→ Data under study:
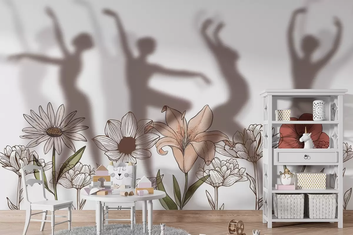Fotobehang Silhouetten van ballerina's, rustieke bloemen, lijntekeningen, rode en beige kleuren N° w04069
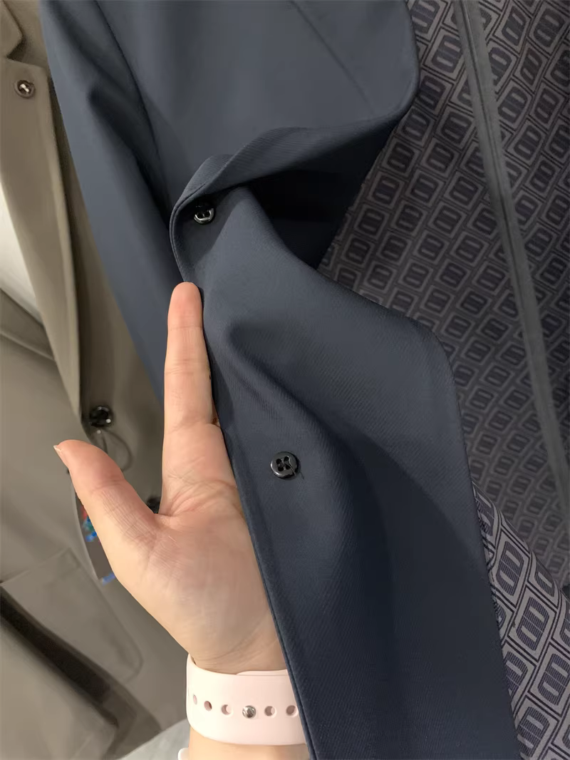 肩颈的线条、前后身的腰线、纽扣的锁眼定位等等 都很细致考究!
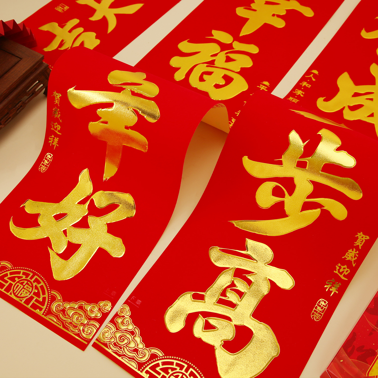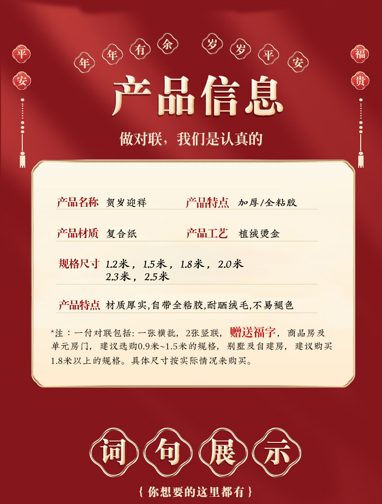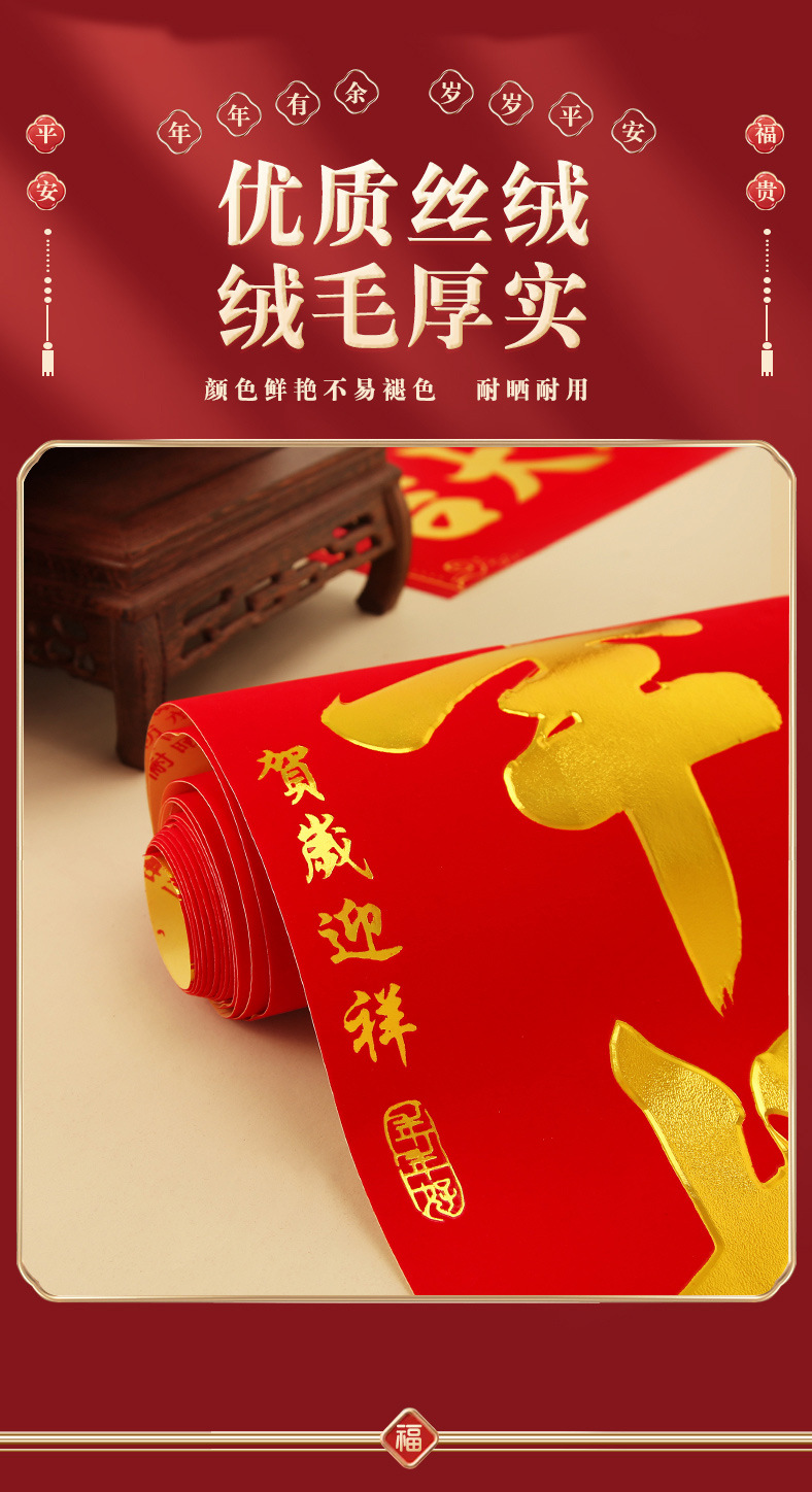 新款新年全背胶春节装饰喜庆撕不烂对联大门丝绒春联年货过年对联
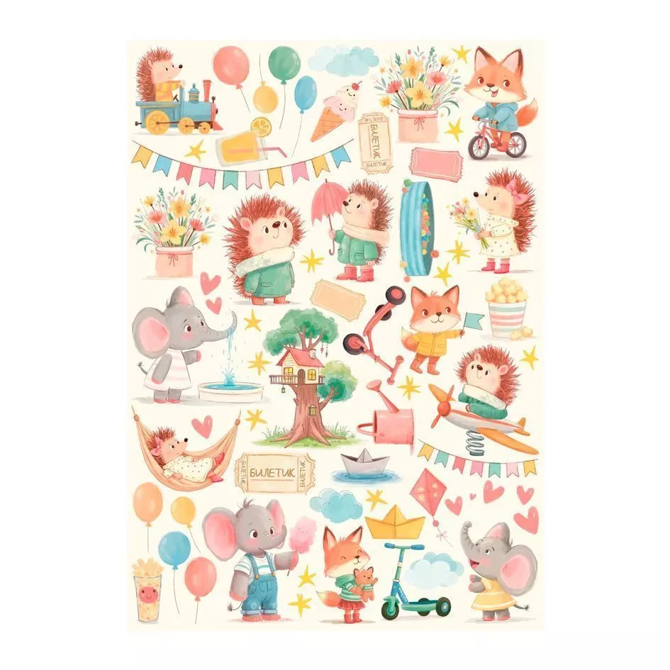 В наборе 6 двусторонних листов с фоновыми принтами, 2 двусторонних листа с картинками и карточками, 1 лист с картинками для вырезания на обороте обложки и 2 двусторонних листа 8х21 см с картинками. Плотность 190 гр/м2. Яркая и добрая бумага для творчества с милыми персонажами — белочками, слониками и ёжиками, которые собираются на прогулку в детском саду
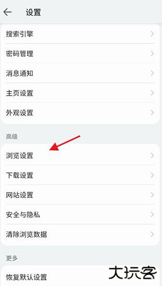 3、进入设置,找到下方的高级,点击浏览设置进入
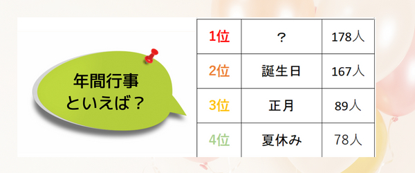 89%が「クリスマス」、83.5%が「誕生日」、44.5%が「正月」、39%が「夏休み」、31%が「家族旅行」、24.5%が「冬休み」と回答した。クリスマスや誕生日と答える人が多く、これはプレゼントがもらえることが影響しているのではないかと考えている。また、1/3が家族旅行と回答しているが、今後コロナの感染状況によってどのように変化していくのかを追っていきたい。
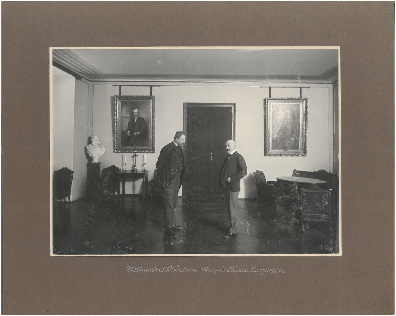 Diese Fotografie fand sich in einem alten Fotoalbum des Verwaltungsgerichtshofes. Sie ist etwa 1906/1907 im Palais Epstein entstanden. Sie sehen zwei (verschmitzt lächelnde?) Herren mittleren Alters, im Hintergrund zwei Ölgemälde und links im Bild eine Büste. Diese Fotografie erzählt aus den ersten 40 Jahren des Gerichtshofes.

...

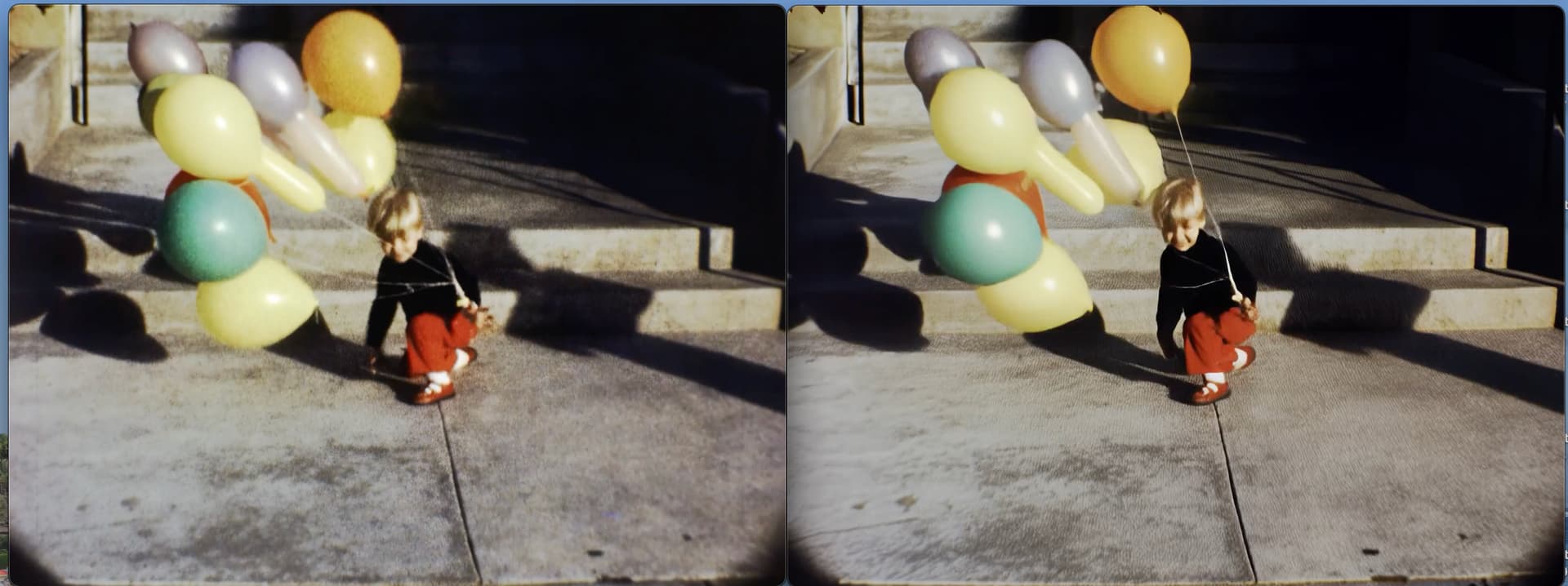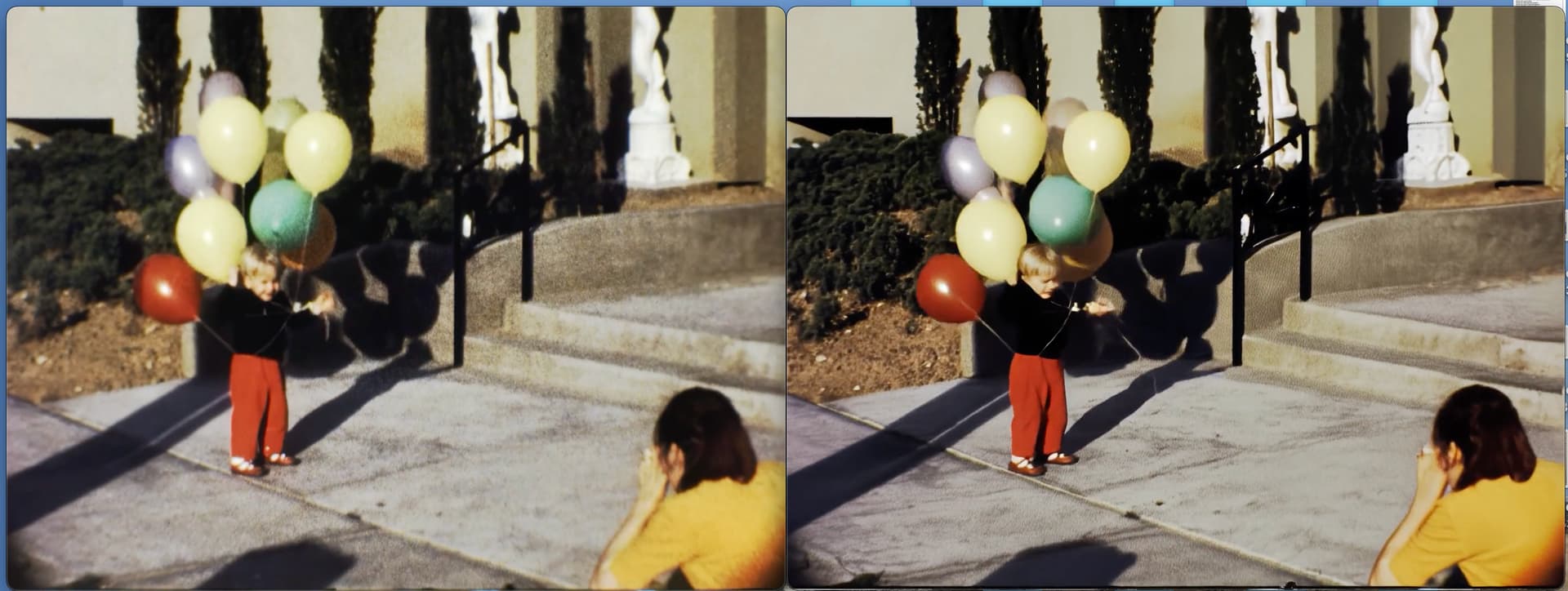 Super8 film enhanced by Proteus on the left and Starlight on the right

→ Activity:
Write out the lines above from the one with "肩颈的线条、前后身的腰线、纽扣的锁眼定位等等 都很细致考究!" through the one with "Diese Fotografie fand", ends included, exactly; no picture goes in.

→ Result below:
 肩颈的线条、前后身的腰线、纽扣的锁眼定位等等 都很细致考究!
 新款新年全背胶春节装饰喜庆撕不烂对联大门丝绒春联年货过年对联
 В наборе 6 двусторонних листов с фоновыми принтами, 2 двусторонних листа с картинками и карточками, 1 лист с картинками для вырезания на обороте обложки и 2 двусторонних листа 8х21 см с картинками. Плотность 190 гр/м2. Яркая и добрая бумага для творчества с милыми персонажами — белочками, слониками и ёжиками, которые собираются на прогулку в детском саду
 3、进入设置,找到下方的高级,点击浏览设置进入
 89%が「クリスマス」、83.5%が「誕生日」、44.5%が「正月」、39%が「夏休み」、31%が「家族旅行」、24.5%が「冬休み」と回答した。クリスマスや誕生日と答える人が多く、これはプレゼントがもらえることが影響しているのではないかと考えている。また、1/3が家族旅行と回答しているが、今後コロナの感染状況によってどのように変化していくのかを追っていきたい。
 Diese Fotografie fand sich in einem alten Fotoalbum des Verwaltungsgerichtshofes. Sie ist etwa 1906/1907 im Palais Epstein entstanden. Sie sehen zwei (verschmitzt lächelnde?) Herren mittleren Alters, im Hintergrund zwei Ölgemälde und links im Bild eine Büste. Diese Fotografie erzählt aus den ersten 40 Jahren des Gerichtshofes.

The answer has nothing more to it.